Charles Darwin never mentions hemoglobin even in the sixth and last edition of The Origin of Species in 1872, even though this oxygen-carrying protein hemoglobin was discovered much earlier by Friedrich Ludwig Hünefeld in 1840. Hünefeld explains: “I have occasionally seen in almost dried blood… rectangular crystalline structures which under the microscope had sharp edges and were bright red.”
In 1851, Otto Funke published a series of articles in which he described growing hemoglobin crystals by successively diluting red blood cells with a solvent such as pure water, alcohol, or ether, followed by slow evaporation of the solvent from the resulting protein solution. Hemoglobin’s reversible oxygenation was described a few years later by Felix Hoppe-Seyler.
Hemoglobin, also spelled haemoglobin and abbreviated Hb or Hgb, is the iron-containing oxygen-transport metalloprotein in the red blood cells of all vertebrates (except the fish family Channichthyidae) and the tissues of some invertebrates. Hemoglobin delivers oxygen removes and carbon dioxide—a biochemical necessity.
Early molecular evidence was compatible with the theory of evolution. Molecular biologist Michael Denton in Evolution, a Theory in Crisis, notes that the initial laboratory analysis demonstrated that differences in the hemoglobin molecule between man and dog only varied less than 20 percent, compared to more than 50 percent between man and fish. Since the dog is closer to man than to the fish, in evolutionary terms, the implications were that hemoglobin would serve as a powerful tool in tracing the pathways of evolution.

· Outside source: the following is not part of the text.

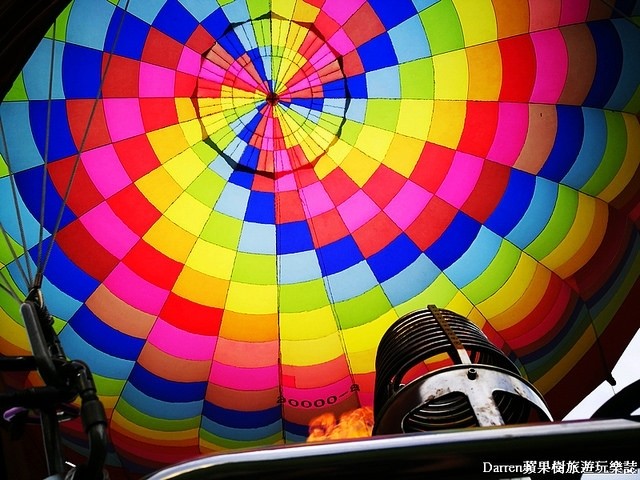 之前在台東就搭乘過熱氣球,這次搭乘同樣非常嗨森,噴火器噴火讓熱空氣上升,熱氣球就緩緩升空

The study of the hemoglobins of the Primates should be an unbeatable combination for evolutionary studies.
The hemoglobin findings intensified the international research on finding Darwin’s “slight, successive” micro-evolutionary changes in constructing the elusive “Tree of Life.” Since then, however, scientists have discovered that the tree branches are actually not connected.

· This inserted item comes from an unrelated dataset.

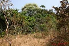 Dans ces endroits, ou l'herbe est parsemée d'arbustes, on assiste à une progression de la forêt au détriment des zones herbeuses. On le voit sur la photo de droite on aperçoit une zone d'espèces qui grandissent en lisière de la forêt, genre Pentacletra par exemple, et qui, petit à petit, progressent.

Molecular biologist Richard Dickerson and colleagues concluded as early as 1969 that the “slight, successive” amino acid changes in the presumed hemoglobin molecule Tree of Life simply do not exist. Referring to the evolution of hemoglobin, Dickerson admits that it “is hard to see a common line of descent snaking in so unsystematic a way through so many different phyla.”

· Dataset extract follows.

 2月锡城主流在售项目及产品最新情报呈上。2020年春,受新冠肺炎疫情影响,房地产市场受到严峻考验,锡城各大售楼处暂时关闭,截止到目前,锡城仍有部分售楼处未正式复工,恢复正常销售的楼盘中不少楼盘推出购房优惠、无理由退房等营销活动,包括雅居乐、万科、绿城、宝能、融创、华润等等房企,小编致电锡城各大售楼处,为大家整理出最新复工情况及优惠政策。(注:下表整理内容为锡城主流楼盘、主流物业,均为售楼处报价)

Research into the evolution of hemoglobin continued to be active, however—the importance to evolution cannot be trivialized. Search the National Center for Biotechnology Information Web database, using the search terms “hemoglobin and evolution,” retrieves more than two thousand articles.
While new possible mechanisms or a new investigative approach or likely scenario have been suggested, the goal of constructing a Tree of Life from hemoglobin, one of life’s most important molecules, remains a mirage.
Not only are the amino acid “slight, successive” changes not observed, the micro-evolutionary genetic regulation of hemoglobin is not observed. In addressing the genetic regulation of the α-and β-globin segments of hemoglobin molecular biologist Ross Hardison of Pennsylvania State University in 1997 opined -
Currently, the coordinated regulation of α-and β-globin genes is more paradoxical than clear.
In 2007, Ron Milo of Harvard University concedes, “The contrasting mode of variation suggests that physiological changes in hemoglobin are connected to evolutionary changes in some nonrandom way that begs an explanation.” The failure to construct a Tree of Life from hemoglobin, the once golden darling, has been a stunning blow to the evolution industry.
With hemoglobin emerging as a problem for the evolution industry, evolutionary advocate, Jerry Coyne, in book entitled Why Evolution is True (2009), was forced to completely avoid any reference to the mass of scientific evidence on hemoglobin against evolution.
According to, “At a molecular level,” according to Denton, “there is no trace of the evolutionary transition from fish to amphibian to reptile to mammal.”
For Dickerson, “The more one approaches the molecular level in the study of living things, the more similar they appear, and the less important the differences.” In other words, the essence of life is not determined by molecular and cellular processes.
The proliferation and heterogeneity of life science disciples and methodologies following the advent of molecular biology has led to a centrifugal force within evolutionary research, making it difficult to recover a single big-picture or grand unified theory.
For Love, the evidence for a compressive theory of evolution has reached a tipping point: “My account also meshes with the recognition that a fully unified view of evolutionary processes may be out of reach.” The predictive value of any evolutionary theory, including Darwin’s theory of natural selection, is essentially closer to zero today than at any other time in the history of evolution.
The evidence from the hemoglobin, rather than being the “unbeatable combination for evolutionary studies”, much to the chagrin of Buettner-Janusch and Hill, has clearly undermined the basic tenets of evolution.
Like Coyne, Darwin was shrewd enough not to mention hemoglobin in The Origin of Species. Hemoglobin has emerged as an evolutionist’s worst nightmare.